(Stored items)
+---+
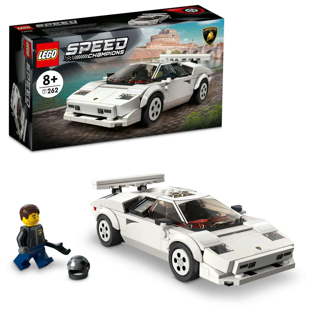 Los niños y los entusiastas de los coches tienen ahora la oportunidad de explorar uno de los deportivos más emblemáticos del mundo con el coche de carreras LEGO Speed Champions Lamborghini Countach (76908) para niños a partir de 8 años. Impresionante desde todos los ángulos, este detallado modelo de coche réplica de Lamborghini con minifigura de piloto de carreras LEGO ofrece una atractiva experiencia de construcción, es perfecto para exponer y resulta impresionante para la épica acción de las carreras. Este modelo de coche deportivo de juguete coleccionable incluye instrucciones de construcción impresas y digitales. Disponible en la aplicación gratuita Instrucciones de construcción LEGO para smartphones y tablets, la guía digital interactiva incluye increíbles herramientas de zoom y rotación que permiten visualizar este modelo desde todos los ángulos mientras se construye. Los sets de construcción LEGO Speed Champions ofrecen versiones construibles de los coches más importantes y conocidos del mundo. Diseñados para niños y aficionados al automóvil de todas las edades, los modelos LEGO de coches con detalles auténticos también son ideales para emocionantes carreras contra otros coches de juguete o sets de coches de la gama Speed Champions como Aston Martin, Chevrolet Corvette, Fast and Furious Dodge Charger y muchos más. El coche LEGO mide más de 4 cm de alto, 15 cm de largo y 7 cm de ancho. Contiene 262 piezas.
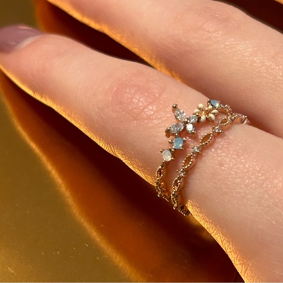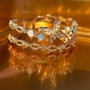 Note a small imperfection with a missing stone in the last photo, open back makes the ring slightly adjustable, gold style
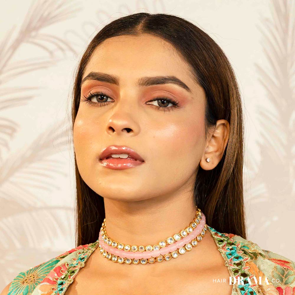 - Take your ethnic glam to the next level with our light pink crystal-studded sheesh patti. Made from the finest gold-plated material, this women hair accessory can make you the head turner at an event effortlessly.
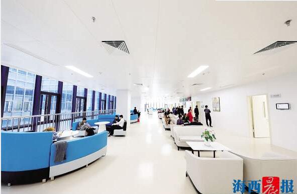 現(xiàn)代化的裝修、暖綠暖黃為主色調(diào)的環(huán)境讓人眼前一亮??剖议T(mén)診和住院樓層各種指引標(biāo)識(shí)清晰明確,隨處可見(jiàn)溫馨提示,還有志愿導(dǎo)引人員。階梯形前臺(tái),讓坐在輪椅上也能與醫(yī)務(wù)人員無(wú)障礙溝通。等候就診時(shí),你可以在按摩椅上來(lái)一場(chǎng)放松之旅,也可以漫步VIP候診區(qū)長(zhǎng)廊欣賞名畫(huà)。在休息區(qū),休閑吧和兒童游樂(lè)區(qū)等可以緩解診療時(shí)帶來(lái)的陌生感和緊張感。同時(shí),五緣院區(qū)還配有超千個(gè)地面、地下停車(chē)位,方便“有車(chē)一族”到院泊車(chē)。
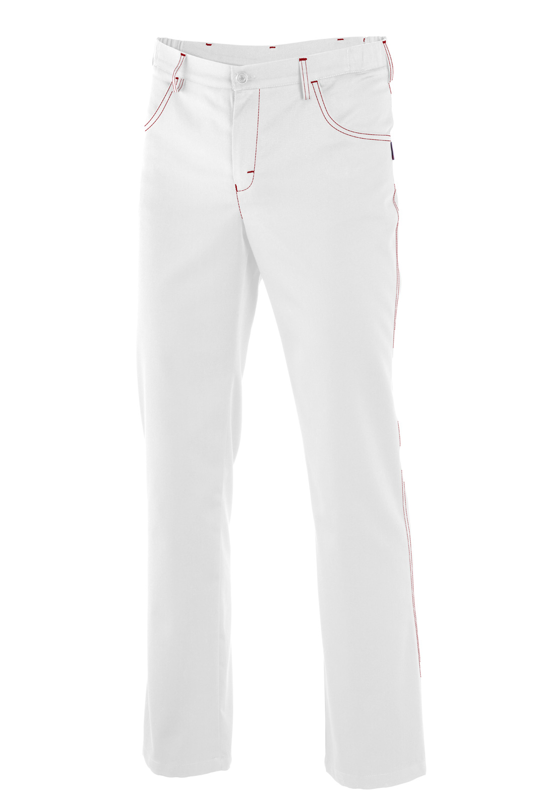 Men´s pants GUDRUN I white/burgundy red backstitch
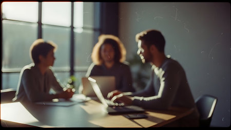 Group of business people working together in office. Blurred background.
+---+
Assignment - Render the data above verbatim and without pictures.

Solution for this problem -
 Los niños y los entusiastas de los coches tienen ahora la oportunidad de explorar uno de los deportivos más emblemáticos del mundo con el coche de carreras LEGO Speed Champions Lamborghini Countach (76908) para niños a partir de 8 años. Impresionante desde todos los ángulos, este detallado modelo de coche réplica de Lamborghini con minifigura de piloto de carreras LEGO ofrece una atractiva experiencia de construcción, es perfecto para exponer y resulta impresionante para la épica acción de las carreras. Este modelo de coche deportivo de juguete coleccionable incluye instrucciones de construcción impresas y digitales. Disponible en la aplicación gratuita Instrucciones de construcción LEGO para smartphones y tablets, la guía digital interactiva incluye increíbles herramientas de zoom y rotación que permiten visualizar este modelo desde todos los ángulos mientras se construye. Los sets de construcción LEGO Speed Champions ofrecen versiones construibles de los coches más importantes y conocidos del mundo. Diseñados para niños y aficionados al automóvil de todas las edades, los modelos LEGO de coches con detalles auténticos también son ideales para emocionantes carreras contra otros coches de juguete o sets de coches de la gama Speed Champions como Aston Martin, Chevrolet Corvette, Fast and Furious Dodge Charger y muchos más. El coche LEGO mide más de 4 cm de alto, 15 cm de largo y 7 cm de ancho. Contiene 262 piezas.
 Note a small imperfection with a missing stone in the last photo, open back makes the ring slightly adjustable, gold style
 - Take your ethnic glam to the next level with our light pink crystal-studded sheesh patti. Made from the finest gold-plated material, this women hair accessory can make you the head turner at an event effortlessly.
 現(xiàn)代化的裝修、暖綠暖黃為主色調(diào)的環(huán)境讓人眼前一亮??剖议T(mén)診和住院樓層各種指引標(biāo)識(shí)清晰明確,隨處可見(jiàn)溫馨提示,還有志愿導(dǎo)引人員。階梯形前臺(tái),讓坐在輪椅上也能與醫(yī)務(wù)人員無(wú)障礙溝通。等候就診時(shí),你可以在按摩椅上來(lái)一場(chǎng)放松之旅,也可以漫步VIP候診區(qū)長(zhǎng)廊欣賞名畫(huà)。在休息區(qū),休閑吧和兒童游樂(lè)區(qū)等可以緩解診療時(shí)帶來(lái)的陌生感和緊張感。同時(shí),五緣院區(qū)還配有超千個(gè)地面、地下停車(chē)位,方便“有車(chē)一族”到院泊車(chē)。
 Men´s pants GUDRUN I white/burgundy red backstitch
 Group of business people working together in office. Blurred background.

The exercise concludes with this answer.